A few tables to help users of Dyalog APL (or similar) get started quickly on BQN. ## For reading Here are some closest equivalents in Dyalog APL for the BQN functions that don't use the same glyphs as APL. Correspondence can be approximate, and `⌽` is just used as a decorator to mean "reverse some things". | BQN | `⋆` | `√` | `∧` | `∨` | `¬` | `≠` | `<` | `>` | `≢` | `⥊` | `∾` | `≍` | |-------|-----|--------|-------|-------|-------|-----|-----|-----|-----|-----|-------|--------| | Monad | `*` | `*∘÷⍨` | `[⍋]` | `[⍒]` | `~` | `≢` | `⊂` | `↑` | `⍴` | `,` | `⊃,⌿` | `↑,⍥⊂` | | Dyad | | | `∧` | `∨` | `1+-` | `≠` | `<` | `>` | `≢` | `⍴` | `⍪` | | | BQN | `↑` | `↓` | `↕` | `/` | `\` | `⍋` | `⍒` | `⊏` | `⊑` | `⊐` | `⊒` | `∊` | `⍷` | `⊔` | |-------|------|---------|------|-----|-----|-----|-------|------|-----|-----|-----|-----|-----|-----| | Monad | `,⍀` | `⌽,⌽⍀⌽` | `⍳` | `⍸` | | `⍋` | `⍒` | `⊣⌿` | `⊃` | | `…` | `≠` | | `⌸` | | Dyad | `↑` | `↓` | `,⌿` | `⌿` | `⊆` | `⍸` | `⌽⍸⌽` | `⌷` | | `⍳` | `…` | `∊` | `⍷` | | Modifiers and combinators are a little harder.
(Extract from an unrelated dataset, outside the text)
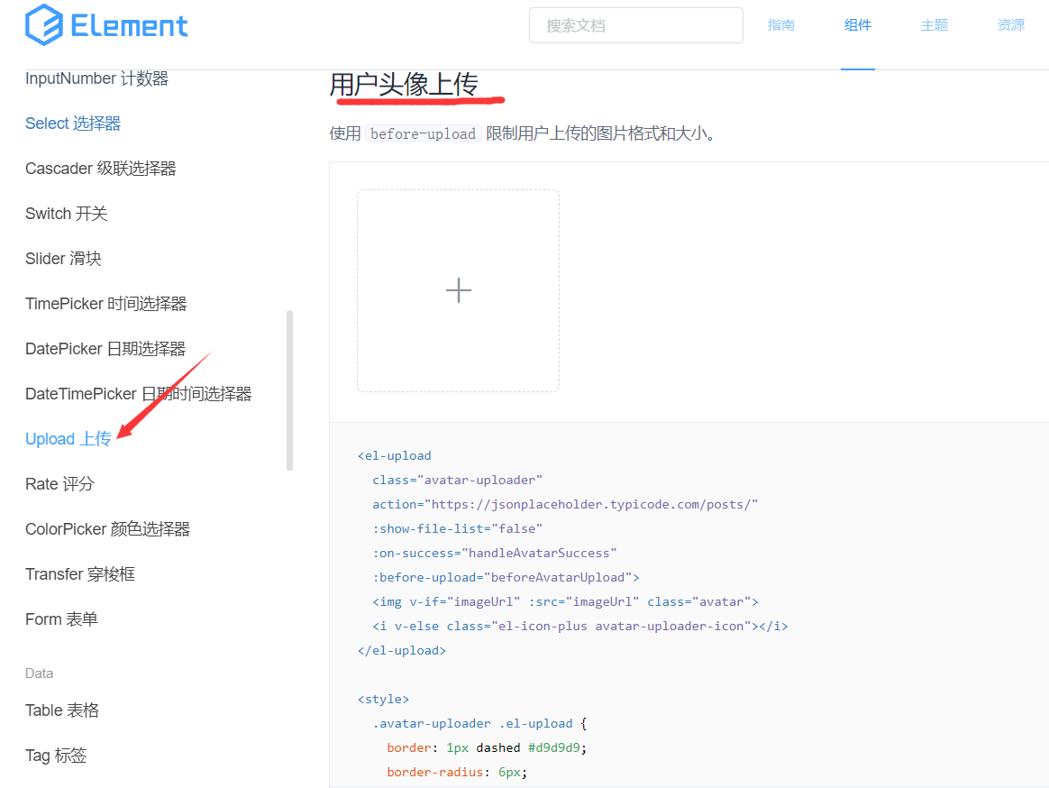 注意:打开element-ui官网找到Upload上传,点开用户头像上传,拿到想要的效果  4.路由:index.js

Many have equivalents in some cases, but Dyalog sometimes chooses different functionality based on whether the operand is an array. In BQN an array is always treated as a constant function. | BQN | `¨` | `⌜` | `´` | `⎉` | `⍟` | `˜` | `∘` | `○` | `⟜` | |--------|-----|------|-----|-----|-----|-----|-----|-----|-----| | Dyalog | `¨` | `∘.` | `⌿` | `⍤` | `⍣` | `⍨` | `⍤` | `⍥` | `∘` | In BQN `⎉` is Rank and `∘` is Atop. Dyalog's Atop (`⍤`) and Over (`⍥`) were added in version 18.0. ## For writing The tables below give approximate implementations of Dyalog primitives for the ones that aren't the same. First- and last-axis pairs are also mostly omitted. BQN just has the first-axis form, and you can get the last-axis form with `⎉1`.

Functions
Glyph	Monadic	Dyadic
`*`	`⋆`
`⍟`	`⋆⁼`
`!`	Implement it yourself
`○`	Some complex exponential stuff, maybe
`~`	`¬`	`¬∘∊/⊣`
`?`	Library?
`⍲`		`¬∘∧`
`⍱`		`¬∘∨`
`⍴`	`≢`	`⥊`
`,`	`⥊`	`∾⎉1`
`⍪`	`∾˘`	`∾`
`↑`	`>`	`↑`
`↓`	`<˘`	`↑`
`⊂`	`<`	`\`
`⊆`	`<⍟(0<≡)`	`\`
`∊`	`{0=≡𝕩:⥊𝕩⋄∾⥊∇¨𝕩}`	`∊`
`⊃`	`⊑`
`⍀`		`/⁼`
`∩`		`∊/⊣`
`∪`	`∊⊸/`	`⊣∾∊˜¬⊸/⊢`
`⍳`	`↕`	`⊐`
`⍸`	`/`	`⍋`
`⍋`	`⍋`	Give up
`⍒`	`⍒`	Give up
`≢`	`≠`	`≢`
`⍎`	To be decided
`⍕`	To be decided
`⊥`		To be decided
`⊤`		To be decided
`⌹`	`+´∘×⎉1‿∞⁼` I guess
`⌷`	N/A	`⊏`

Operators
Syntax	Monadic	Dyadic
`⌿`	`´`	`↕`
`⍀`	`↑` or `
`¨`	`¨`
`⍨`	`˜`
`⍣`	`⍟`
`f.g`		`f´∘g⍟1‿∞`
`∘.f`		`f⌜`
`A∘g`	`A⊸g`
`f∘B`	`f⟜B`
`f∘g`	`f⟜g`
`f⍤B`	`f⎉B`
`f⍤g`	`f∘g`
`f⍥g`	`f○g`
`f@v`	`f⌾(v⊸⊏)`
`f⍠B`	Uh
`f⌸`	`⊔`
`f⌺B`	`↕`
`A⌶`	`•`
`f&`	Nothing yet